Dr. Michael Lustgarten finds that 600 mg of nicotinic acid raises his NAD+ levels just as much as 2 g of NMN, and you can try it too.
A 600 mg dose of nicotinic acid increased Dr. Lustgarten’s NAD+ levels to 67.4 µM, whereas 2 g of NMN increased his NAD+ levels to 61.0 µM, according to his NMN vs Nicotinic Acid: Which Is Better For Increasing NAD? video. This means that nicotinic acid raised Lustgarten’s NAD+ levels to about the same level as NMN but with a fraction of the dose.
Could these results apply to everyone? Popular NMN researcher David Sinclair, Ph.D., has said that niacin — the natural form of synthetically derived nicotinic acid — “won’t raise NAD+ levels the way some of these other molecules do.” While it is unclear which molecules the Harvard professor is speaking of, one of them appears to be NMN.
From this video clip, Sinclair seems confident that niacin does not raise NAD+ levels as much as NMN. Other longevity researchers, however, declare that more studies are needed. In a 2020 publication by Eduardo Nunes Chini, M.D., Ph.D., the Mayo Clinic scientist said,
“Whether oral administration of NR or NMN is indeed superior to nicotinamide or niacin in vivo has not been systematically approached, and such studies are urgently needed.”
In other words, the effects of NMN compared to nicotinic acid or niacin have not been thoroughly tested in living organisms. Like Sinclair, Dr. Chini has some authority on the subject, known for his research on the CD38 enzyme, which may contribute to declining NAD+ levels with age.

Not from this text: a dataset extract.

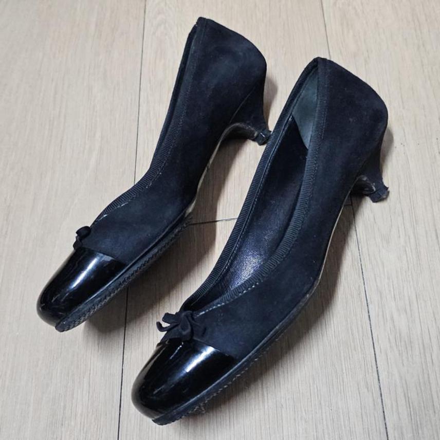 PRADA/프라다/이태리정품/블랙투톤/페이던트+스웨이드/굽높이3센티/리본장식/여성플랫힐/37(240)
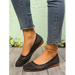 Ballerine da donna nere in rete, traspiranti, con fiocco decorativo, facili da indossare, comode scarpe basse casual per l'ufficio e per l'uso quotidiano. & estate

Notably, like Dr. Lusgarten, millionaire longevity enthusiast Bryan Johnson has tested NMN against another NAD+ precursor, except this time nicotinamide riboside (NR). Using the same method as Lusgarten, Johnson found that both NMN and NR raised his NAD+ levels equally after 30 days.
Overall, there seems to be little firm scientific evidence refuting the idea that nicotinic acid raises NAD+ levels more than NMN in humans. Still, there is no strong scientific evidence supporting this idea either. However, nicotinic acid has its downsides.
Lustgarten reveals that nicotinic acid may have blocked him from aging slowly. Within the longevity space, aging slowly entails someone’s biological age — age based on biological markers — being lower than their actual age. In this case, Lustgarten assessed his biological age by measuring what is called epigenetic age.
Before taking nicotinic acid, Lustgarten’s average aging rate was 0.80, meaning he was aging at a rate of 0.8 years per year, about 20% slower than normal. However, after taking nicotinic acid, his rate of epigenetic aging increased to 0.98, which is like aging normally (a rate of about 1 year per year).
This could be a major downside to nicotinic acid considering that, for many, the purpose of NAD+ precursor supplementation is to slow aging. In a more recent video, Lustgarten revealed that his epigenetic aging rate was 0.74 after taking NMN, suggesting that epigenetic age acceleration is specific to nicotinic acid.
Another downside to nicotinic acid is that it is known to cause flushing. While there are now non-flush nicotinic acid supplements on the market, it is unclear whether they raise NAD+ levels to the same degree as regular nicotinic acid supplements.
If you are interested in checking your own NAD+ levels, it is going to cost about $250 for a single test if going with that same home kit used by Lustgarten and Johnson. This involves squeezing a few drops of blood onto a card and shipping it to the Jinfiniti labs. Testing your epigenetic age with TruDiagnostic will cost about $230 and involves the same blood-mailing process.
Michael Lustgarten, Ph.D., is a scientist at Tufts University who researches the role of metabolites and the gut microbiome on muscle mass in older adults. His YouTube channel, Conquer Aging Or Die Trying! features videos related to the science of aging.